> WHAT NEEDS TO BE DONE:
Hand back every line from the beginning of the data below through the line containing "알루미늄 합금 루버 통풍구", word for word and free of pictures.

> GIVEN DATA:
════
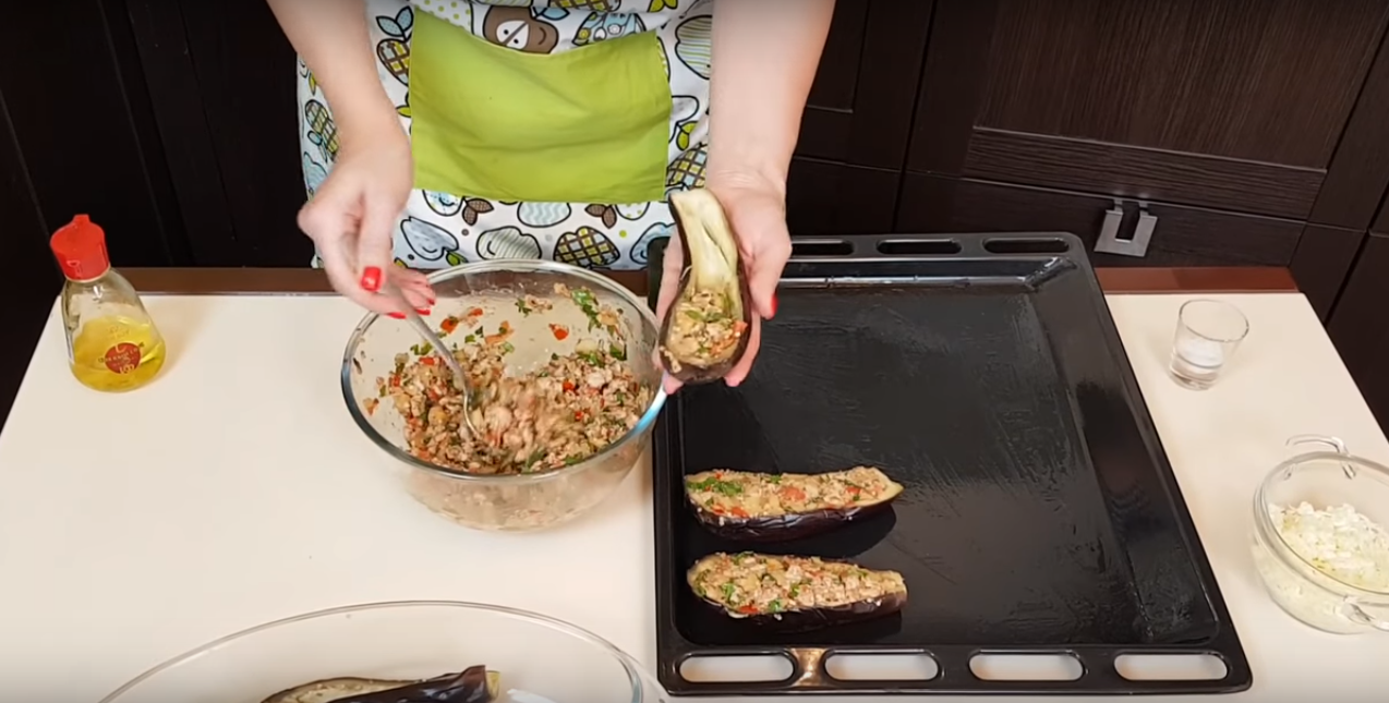 нарезанными травами, сахаром, солью и перцем. Выньте запеченные баклажаны из духовки. В
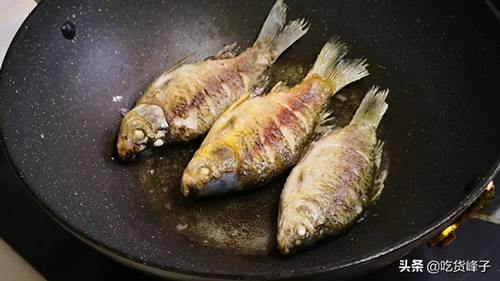 第六:然后放入鲫鱼小火煎制,这样蛋白质才能更好地激发出来,炖出的汤才会奶白,煎制一面定型后翻个面,煎制两面金黄,倒入开水,一定是开水,因为鱼在煎完之后是处于一个热的状态,如果直接就倒入冷水,会让鱼的肉质变散,同时还可能会带有腥味。但是用热水炖鱼汤就不同了,煎好的鱼和热水的温度差别不会很大,那么炖出来的鱼汤会更加鲜美,汤汁会比较白。开大火炖3分钟,这时不要盖锅盖,因为无论什么鱼,它的身体里都有一种三甲胺的成分,这是造成鱼腥的来源,所以做汤时要想这物质挥发掉,就要先开盖炖,如果盖盖会越炖越腥。
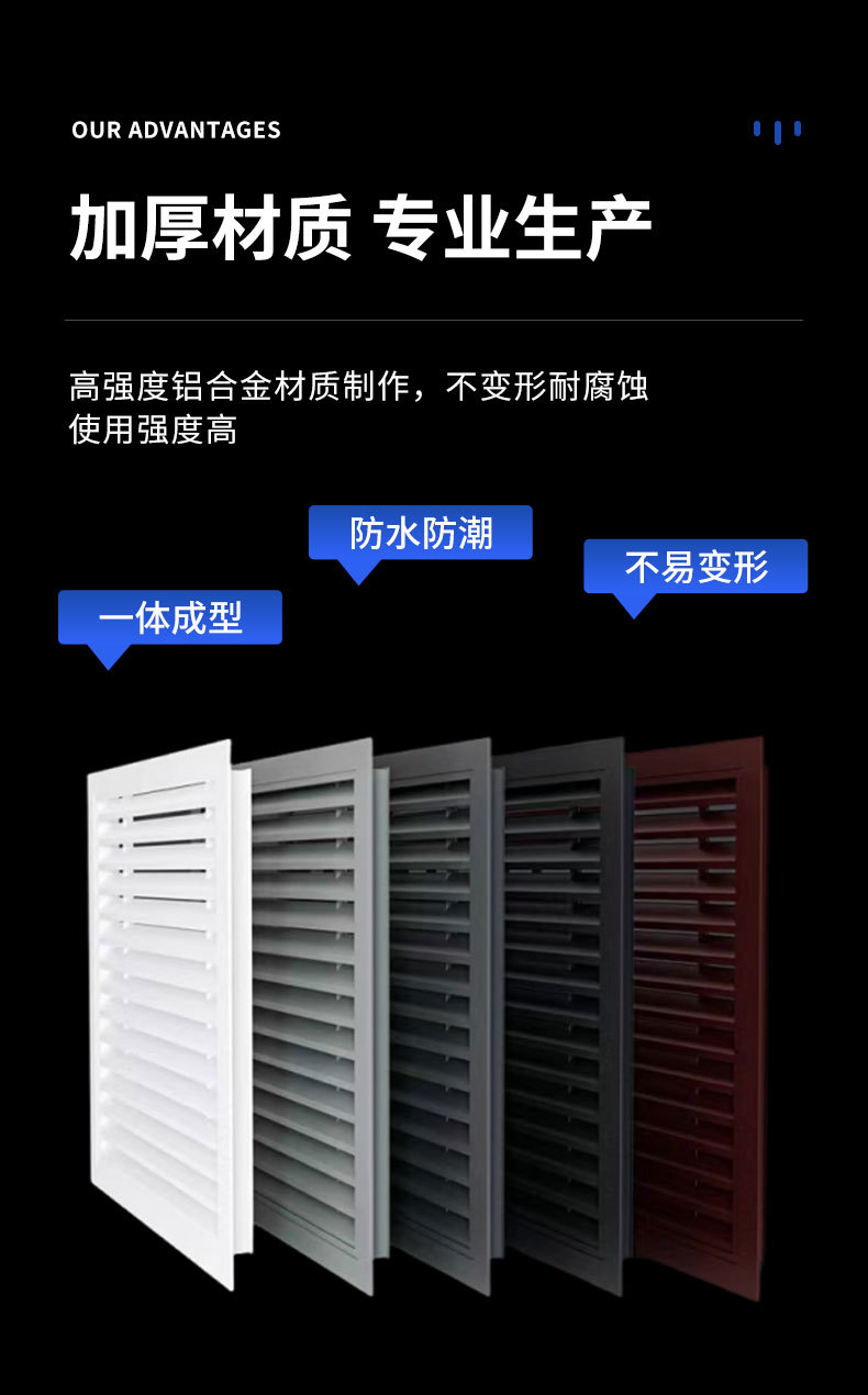알루미늄 합금 루버 통풍구 외벽 방수 공기 배출구 장식 중앙 에어컨 통기성 배기 및 환기 그릴
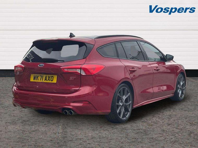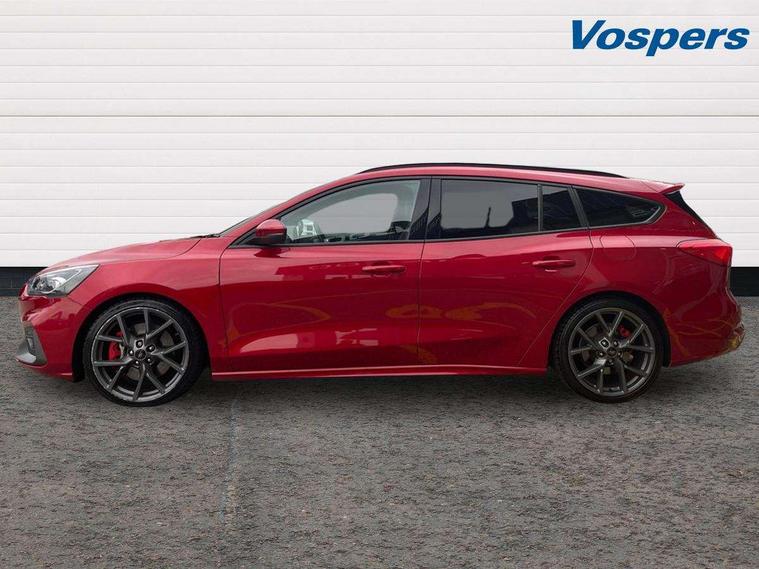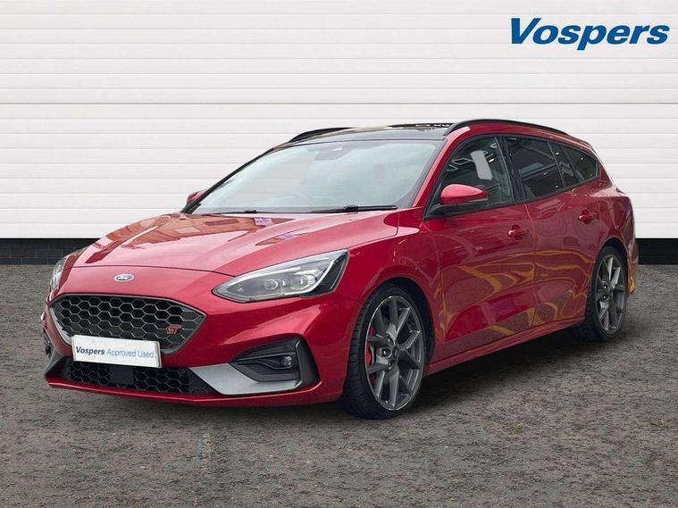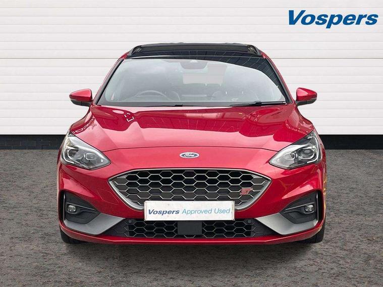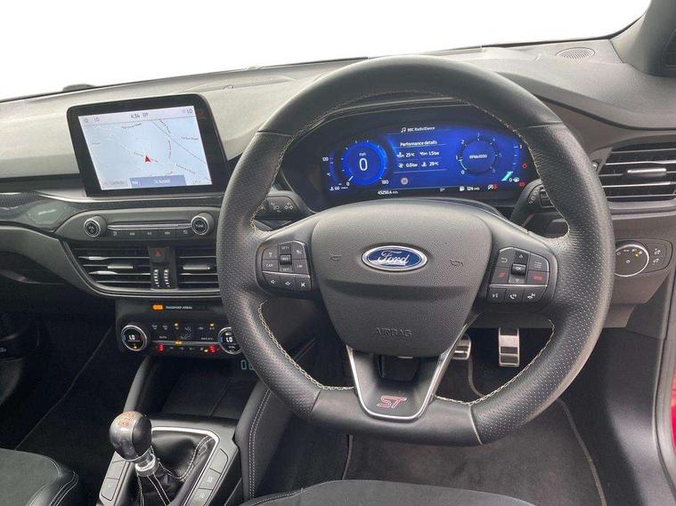 12.3" Digital instrument cluster, Bluetooth system, Digital clock, E-call, Easy fuel capless refuelling system, Eco mode, Ford SYNC 3 navigation with 8" TFT touchscreen, DAB radio and app link Android auto/Apple carplay, Front and rear parking sensors, Hands free power tailgate, Head up Display, Intelligent speed assist, Lane keeping system - lane keeping alert and lane keeping aid, PAS, Rear view camera, Selectable drive mode, Trip computer, Diesel particulate filter, Unique ST sport suspension, 2 USB ports, Aux input, B&O Premium audio system with 360 degree sound, 10 speakers, 675 Watts amplifier power & digital sound processor, Adaptive full LED headlamps with dynamic LED headlights, LED turn indicators, glare-free high beam, LED rear tail lamps and LED front fog lights, Auto dimming rear view mirror, Auto headlamps (on/off), Automatic rain sensing wipers, Body coloured bumpers, Body coloured door handles, Body coloured electrically operated and heated door mirrors with side indicators, Electrically operated front and rear windows with one touch opening and closing, Front variable intermittent wipers with electric wash, Heated rear window, LED daytime running lamp, Performance rear spoiler, Polished twin tailpipe, Power folding door mirrors with puddle lights, Quickclear heated windscreen, Rear bumper extension, Rear privacy glass, Rear side wing doors, Roof rails, Scuff plates front, polished stainless steel with etched ST logo, ST upper and lower grille with full body styling kit and front and rear ST badge, Tailgate wash/wipe, Unique door and instrument panel inserts, 2nd Load floor, 3 seat bench in 2nd row, 3 spoke flat bottomed Sensico steering wheel with red stitching, 6 way power adjustable driver seat, Aluminium gear knob, Auto fold rear seats, Dark headliner, Driver's lumbar support, Dual zone electronic air temperature control, Front and rear floor mats with metal grey stitching, Front passenger seat manual height and lumbar adjust, Heated driver and front passenger seats, Heating for Sensico steering wheel, Height adjustable front headrests, Isofix child seat preparation, Load through ski hatch, Reach + rake adjustable steering column, Rear centre headrest, Recaro part leather upholstery, Single front passenger seat, Soft console knee pads with red stitching, Driver assistance pack with Adaptive Cruise Control - Focus, 3x3 point rear seatbelts, ABS+Electronic Brake force Distribution, Auto hold function, Driver airbag, Electronic parking brake, Electronic stability control, Front and rear seatbelt reminder, Front inertia reel height adjustable seatbelts with pre-tensioners, Front passenger airbag, Front side airbags, Hill start assist, Passenger airbag deactivate switch, Post collision braking, Pre collision assist with autonomous emergency braking and pedestrian/cyclist detection, Red brake calipers, Remote/power child rear door locks, Side curtain airbags, Three rear inertia reel lap/diagonal seatbelts, Tyre pressure monitoring system, Ford keyfree system with Keyless entry and keyless start/sleep mode key fob, MyKey system, Remote central locking & engine immobiliser, Thatcham category 1 alarm, 19" 5x2 spoke alloy wheel with magnetite finish, Mini steel spare wheel,
════
> RESPONSE AREA:
 нарезанными травами, сахаром, солью и перцем. Выньте запеченные баклажаны из духовки. В
 第六:然后放入鲫鱼小火煎制,这样蛋白质才能更好地激发出来,炖出的汤才会奶白,煎制一面定型后翻个面,煎制两面金黄,倒入开水,一定是开水,因为鱼在煎完之后是处于一个热的状态,如果直接就倒入冷水,会让鱼的肉质变散,同时还可能会带有腥味。但是用热水炖鱼汤就不同了,煎好的鱼和热水的温度差别不会很大,那么炖出来的鱼汤会更加鲜美,汤汁会比较白。开大火炖3分钟,这时不要盖锅盖,因为无论什么鱼,它的身体里都有一种三甲胺的成分,这是造成鱼腥的来源,所以做汤时要想这物质挥发掉,就要先开盖炖,如果盖盖会越炖越腥。
알루미늄 합금 루버 통풍구 외벽 방수 공기 배출구 장식 중앙 에어컨 통기성 배기 및 환기 그릴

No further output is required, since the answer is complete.